**RECORDED DATA:**
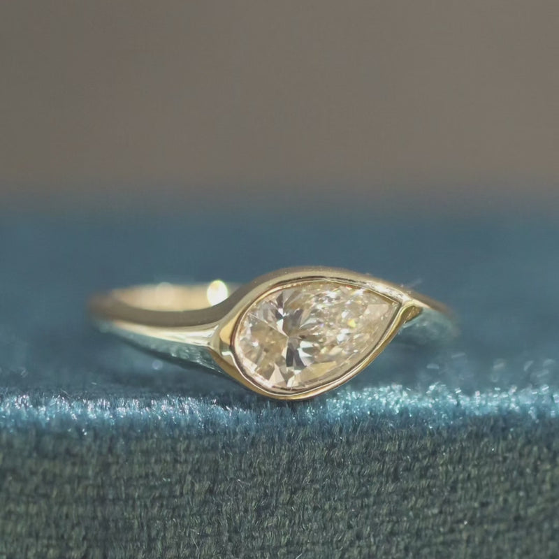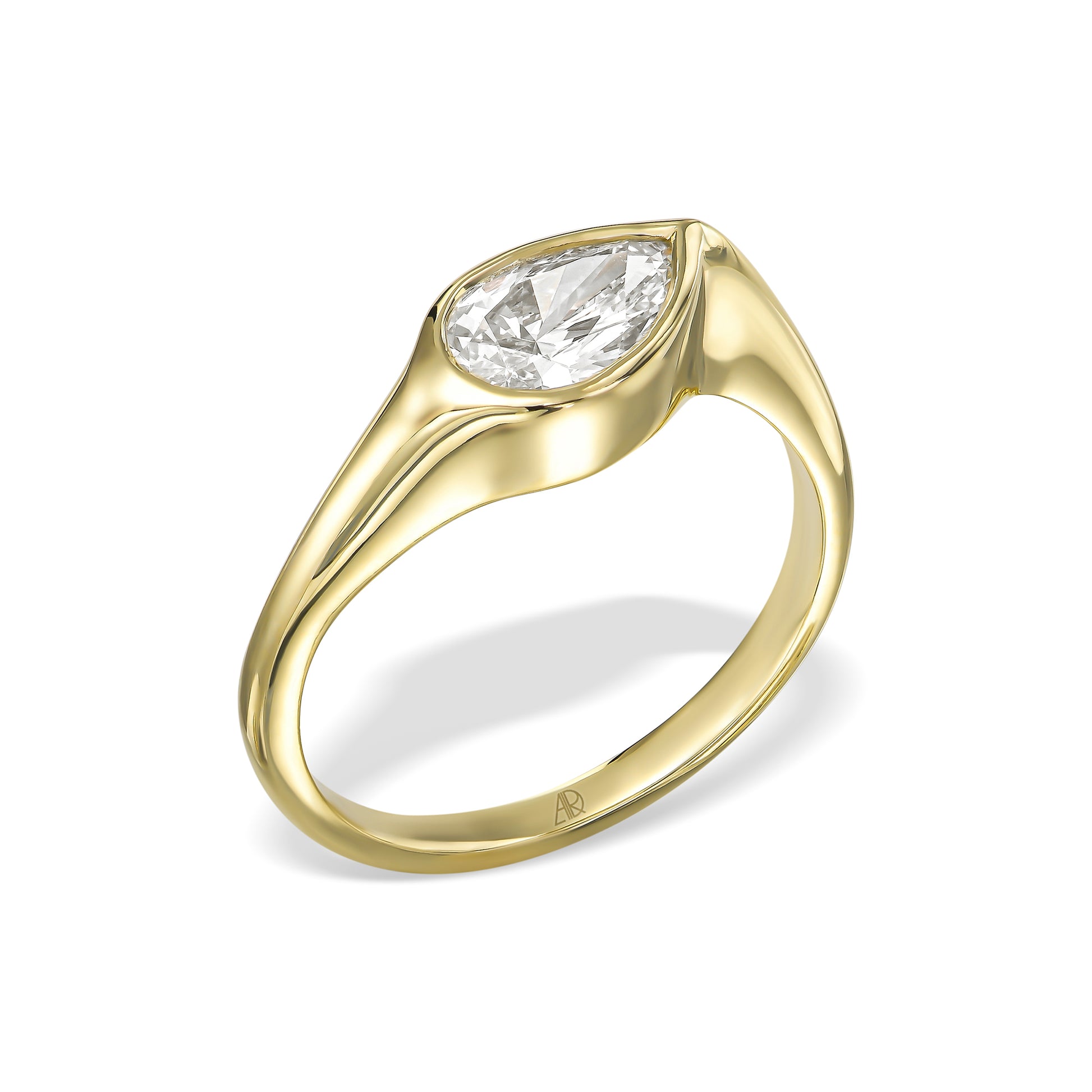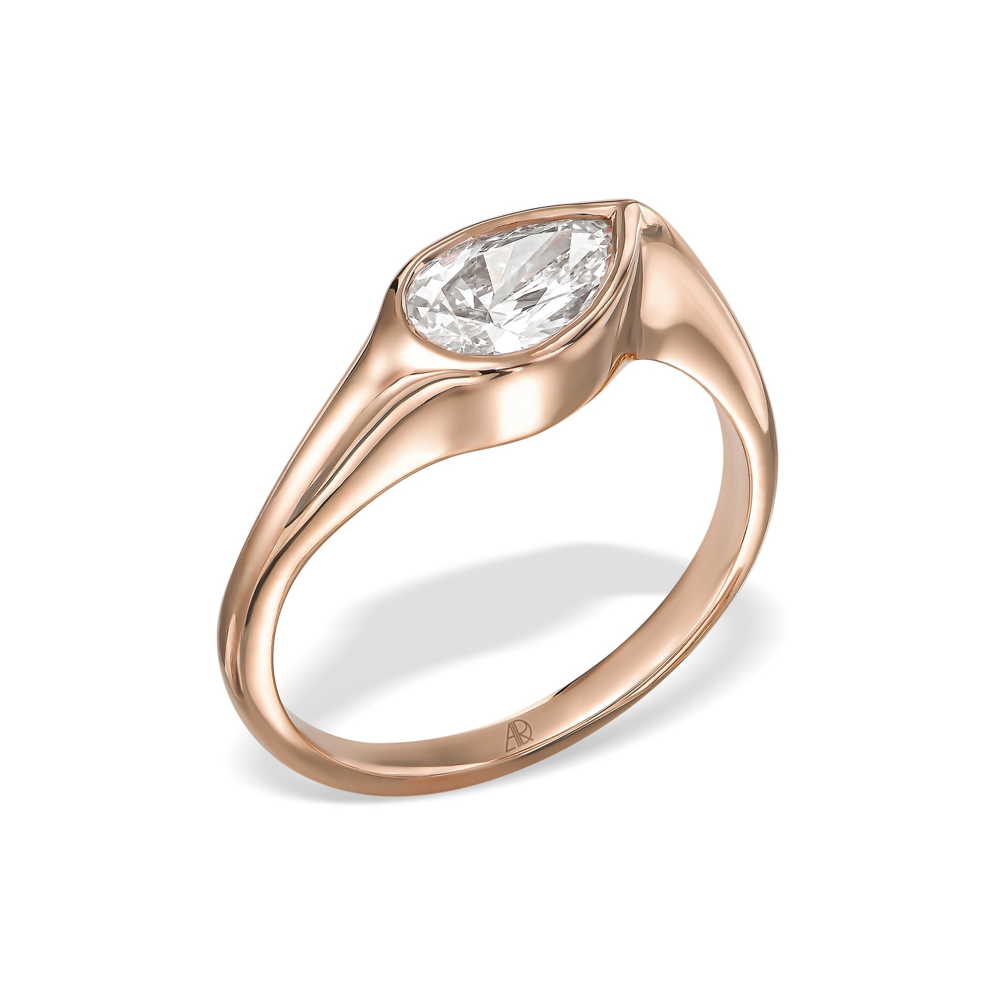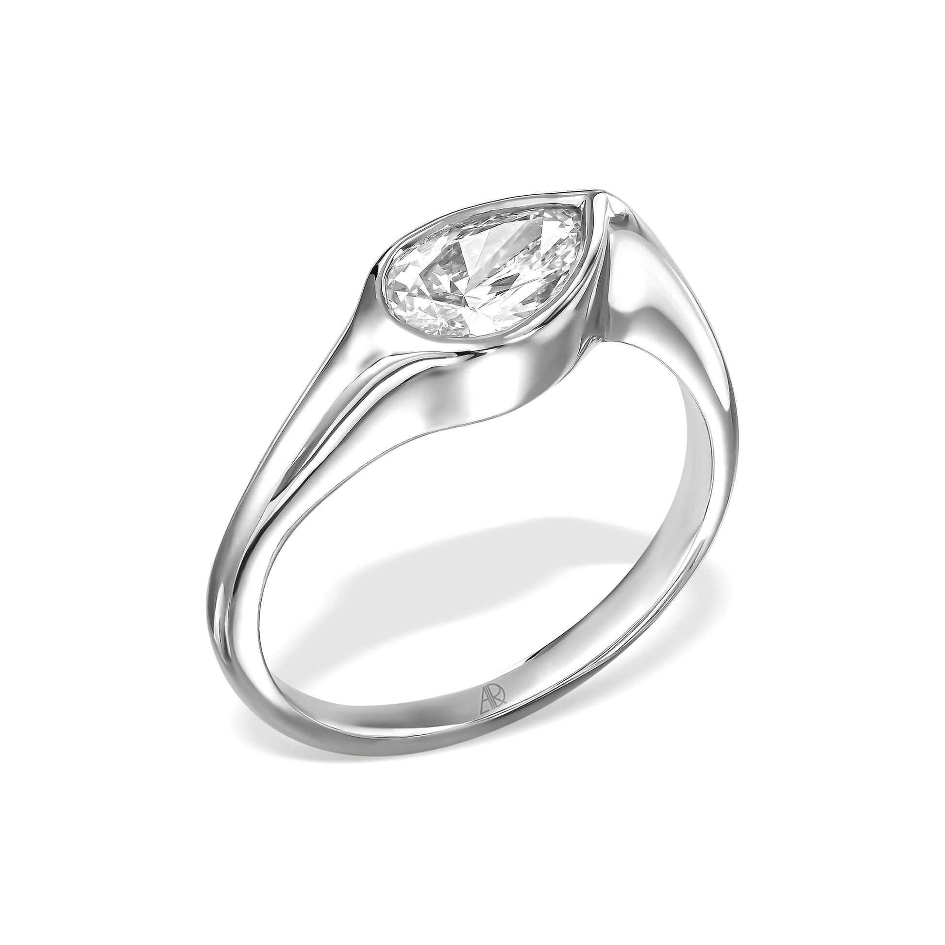 טבעת טוהר בעיצוב מודרני וזורם שמלטף את האבן מכל כיוון.
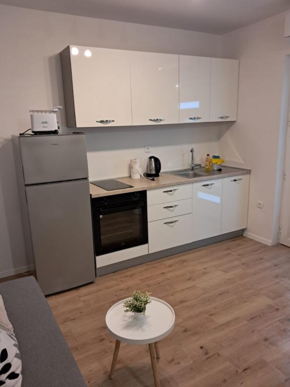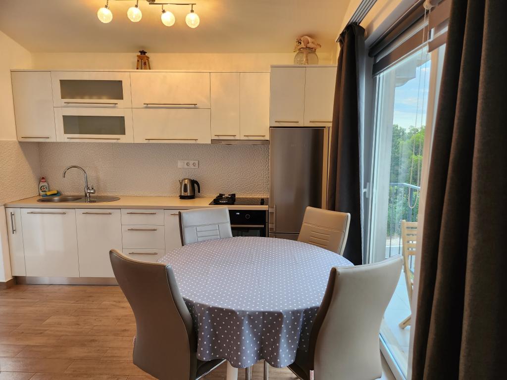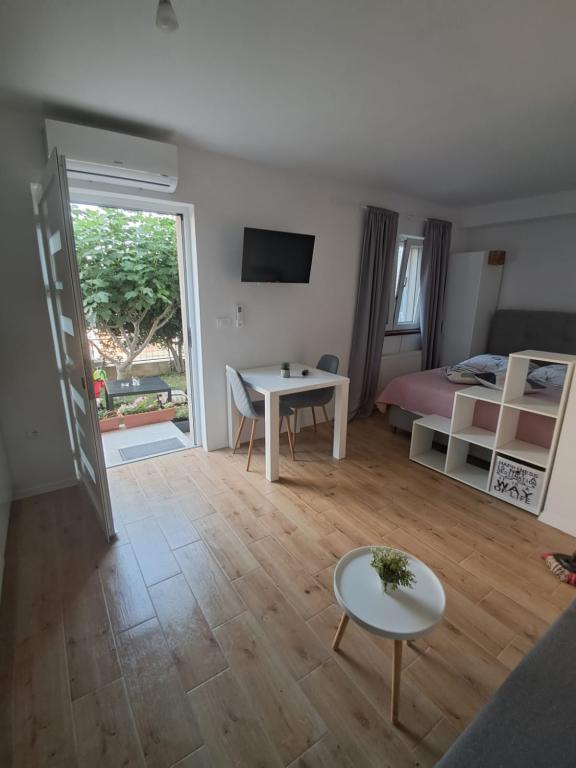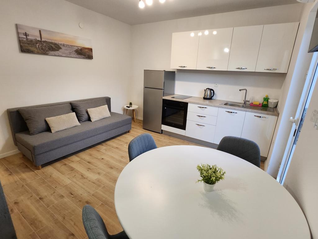 A lakás a főút mellett található, benzinkút és nagy bolt is található. A környék csendes, kellemes lakni, a közelben van a Vrana-tó és a tóra a lakásból rá lehet látni. Körülbelül 10 perces sétára található a városközponttól és a strandtól.
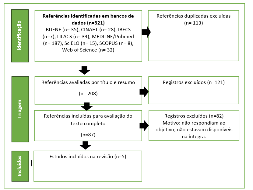 Inicialmente, a busca rendeu 321 estudos. Desse total, 113 duplicatas foram excluídas por meio do envio do material à ferramenta de gerenciamento bibliográfico Mendeley®. A partir daí, foram aplicados os critérios de inclusão e exclusão por meio da leitura atenta dos títulos e resumos dos 208 artigos restantes. Após essa abordagem, cinco estudos foram selecionados. Os artigos completos foram analisados por dois pesquisadores, de forma independente, e após consenso entre eles, esses cinco artigos atenderam ao objetivo da pesquisa e foram incluídos como resultado final.
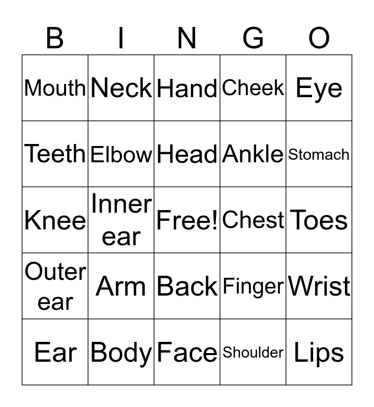 This bingo card has a free space and 24 words: Arm, Body, Head, Ear, Eye, Mouth, Teeth, Neck, Chest, Back, Ankle, Knee, Finger, Wrist, Elbow, Shoulder, Toes, Hand, Stomach, Inner ear, Lips, Outer ear, Cheek and Face.

**YOUR INSTRUCTIONS:** Transcribe, word for word, only the material from its opening line through the line containing "A lakás a főút", both ends included, and omit the pictures.

**EXPECTED OUTPUT:**
 טבעת טוהר בעיצוב מודרני וזורם שמלטף את האבן מכל כיוון.
 A lakás a főút mellett található, benzinkút és nagy bolt is található. A környék csendes, kellemes lakni, a közelben van a Vrana-tó és a tóra a lakásból rá lehet látni. Körülbelül 10 perces sétára található a városközponttól és a strandtól.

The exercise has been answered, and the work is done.